The egg market is relatively stable. In major producing areas, quotes edged up to 3.20-3.35 yuan per jin, up 0.05-0.10 yuan per jin from yesterday. In the futures market, the lead contract quote for eggs was 3375 yuan per 500kg, down slightly by 0.18%. Regionally, major producing areas in the North such as Shandong, Henan, and Hebei showed prominent upward momentum, while in main sales regions such as Beijing and Shanghai, quotes were steady. Market analysis says that current high feed costs support the bottom of egg prices; combined with a relatively slow pace of culling old hens, there is no tightness pressure on the supply side in the short term, and prices are expected to maintain a narrow-ranging volatility pattern.
The cattle and sheep market is operating steady-to-strong. In major producing areas, the mainstream price of fattening beef cattle is 18.4-20.2 yuan per jin. North China production areas lead on quotes. In the Northeast, live cattle are 18.0-18.8 yuan per jin, with quality cattle sources selling well. The average price of fattening sheep is 12.5-14.0 yuan per jin. In Anhui and Jiangsu production areas, quotes are relatively firm. The national average price of mutton is 36.78 yuan per jin, with a slight month-over-month decline. Inner Mongolia’s purchase price for fattening sheep was lowered slightly; more big ewes’ lambs are being sold at market, but market movement is somewhat slower. Industry information indicates that tight slaughter-ready cattle sources and high feed costs together support cattle prices, and breeders’ sentiment to hold and sell less is strong.
Fluctuations in the feedstuff raw materials market are intensifying.

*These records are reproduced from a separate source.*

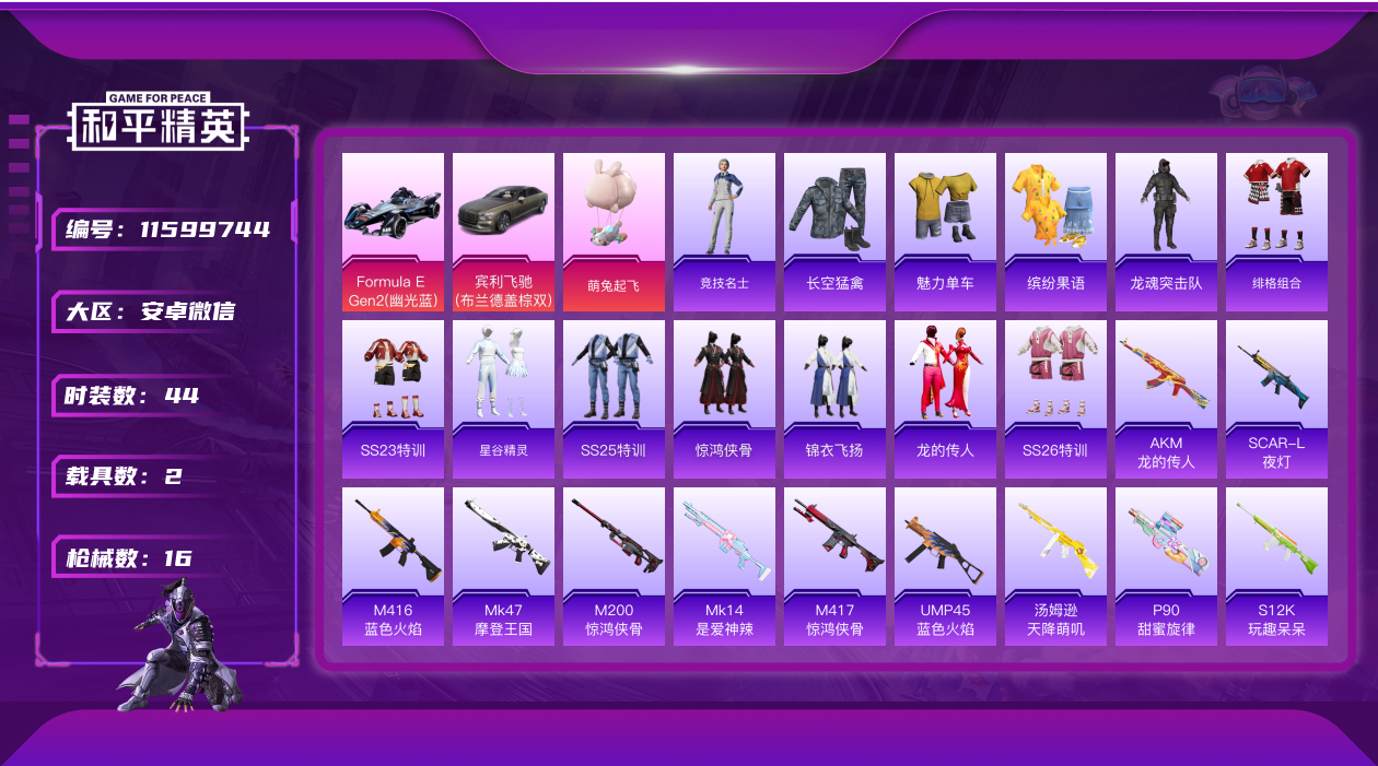 [11599744]2载具 2印记 可二次 可修改实名 优质装备:Formula E Gen2(幽光蓝),宾利飞驰(布罗德盖棕双色) 时装数:44 枪械数:16 战备数:2 载具:僚机-萌兔起飞 紫色装扮:SS23特训,长空猛禽,缤纷果语,魅力单车,龙的传人,龙魂突击队,竞技名士,惊鸿侠骨,SS25特训,锦衣飞扬,SS26特训,星谷精灵,绯格组合
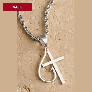 Twister Silver Chain Cross Fish Hook Necklace
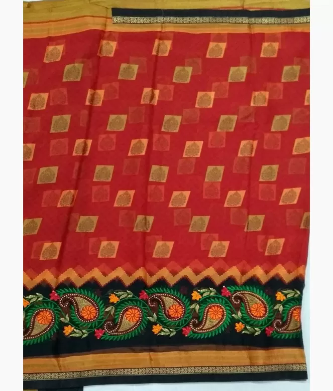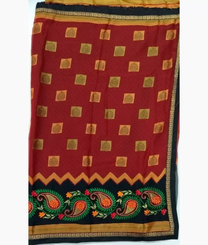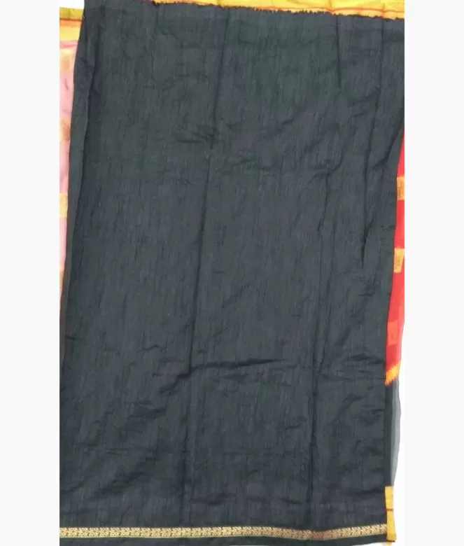 Border is of golden colour zari gota with black colour piping on saree. Blouse is of row silk fabric with matching same small border of saree.
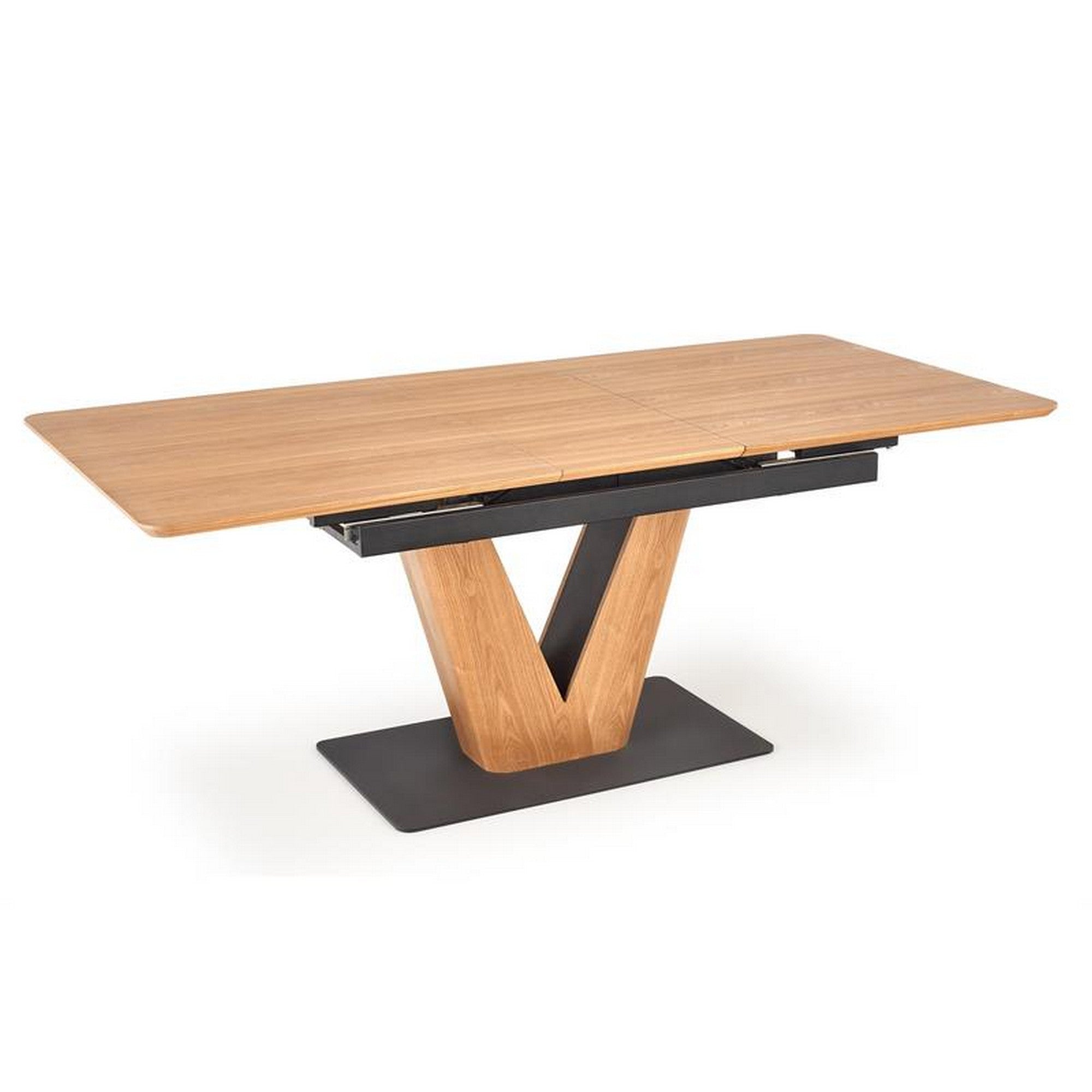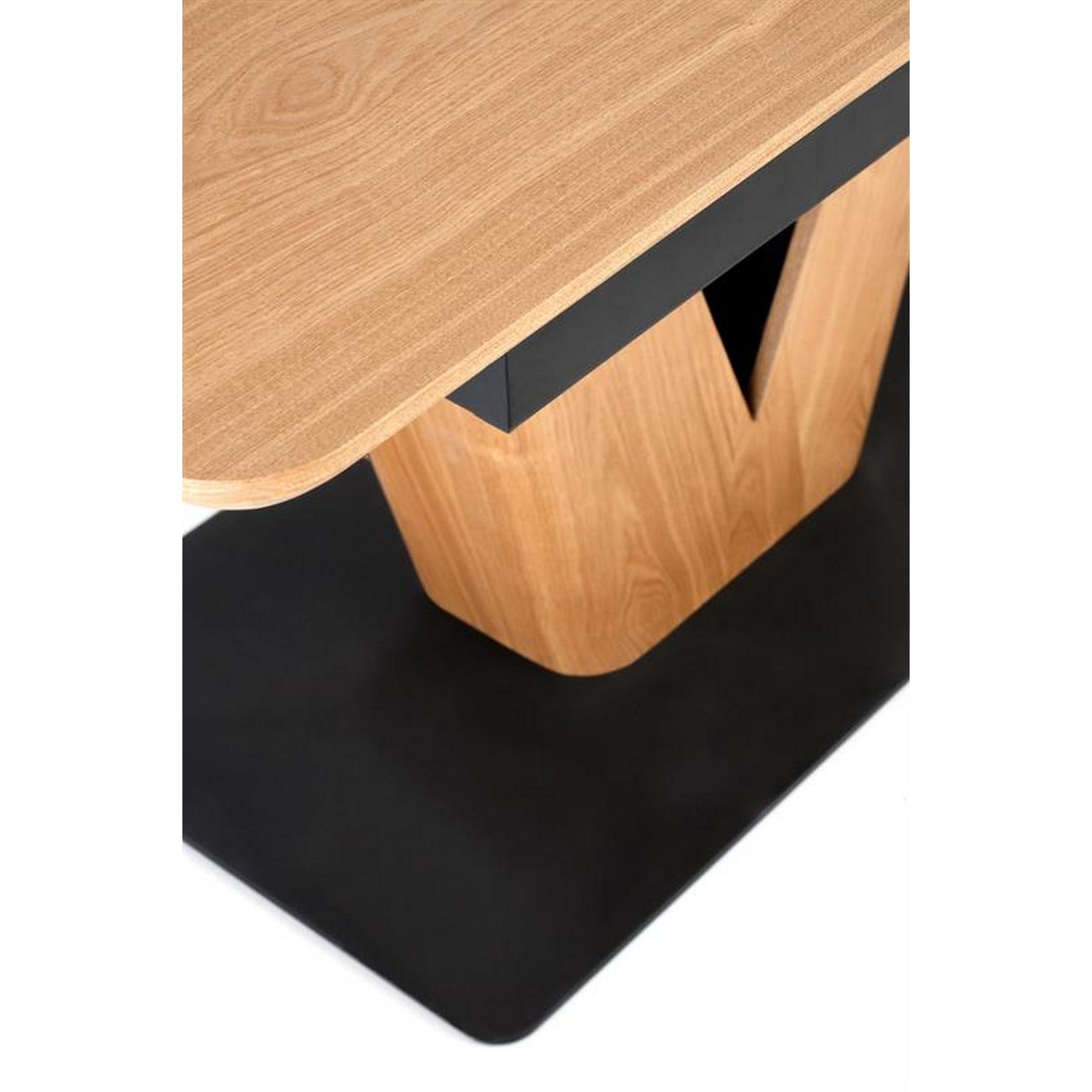 - Blatul este realizat din MDF cu furnir, iar cadrul din MDF lacuit si metal negru.
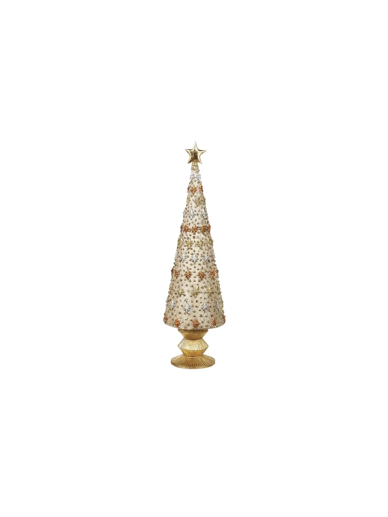 Albero di Natale dorato con stelle tricolore H 45 cm di Henriette. Una decorazione elegante e luminosa che dona un tocco festoso e raffinato ai tuoi ambienti natalizi.
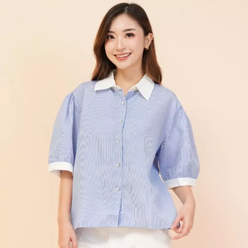 MKY ClothingStacie Solid Collar Stripe Shirt Love Button in Blue329900.00259900.00
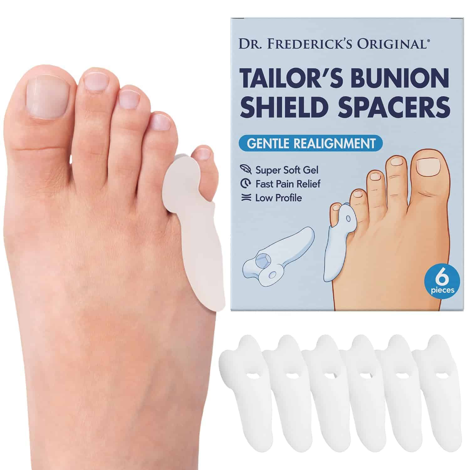 - Comfort For Your Feet: Discover the comfort offered by our Dr. Frederick s Original Tailor s Bunion Sport Spacers. This set of six (6) shield spacers is specially designed to provide comfort for those experiencing discomfort from tailor s bunions or similar foot issues. They’re ideal for active individuals who need extra support in their footwear.
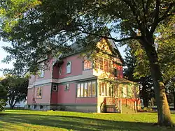 The Squire House is located north of downtown Bennington, at the southeast corner of North Street (United States Route 7) and Gage Street. It is a 2+12-story wood-frame structure, with a cross-gabled roof, an exterior clad in clapboards and decoratively cut shingles, and a foundation of brick, stone, and concrete. It has a projecting front porch, now enclosed in glass, extending across the front, with a smaller second-story porch above. A band of cut shingles extends around the building between the first and second floors, with more such shingling in the gables above the second-floor windows. Small oval keystoned windows make decorative accents on the side facades. The interior retains original high-quality woodwork, including the staircase, builtin cabinetry, and spindlework transom screens on some of the windows. The dining room has a pressed metal ceiling.[2]

Soybean meal spot quotes are mainly stable. The average price of soy meal among major domestic oil mills nationwide is 3170-3370 yuan per ton, and coastal port quotes are on the high side. In the futures market, the September soybean meal contract recorded a “four consecutive bullish sessions” pattern, with the price center lifting to above 2900. Analysts believe that in the short term, soybean meal prices are affected by three factors: the trend in U.S. soybeans, the domestic oil mills’ operating rates, and breeding demand. Therefore, soybean meal prices are expected to remain in a high-level sideways-to-volatile range. The corn market, meanwhile, shows regional differentiation: in some areas prices adjust slightly, and trading sentiment is cautious.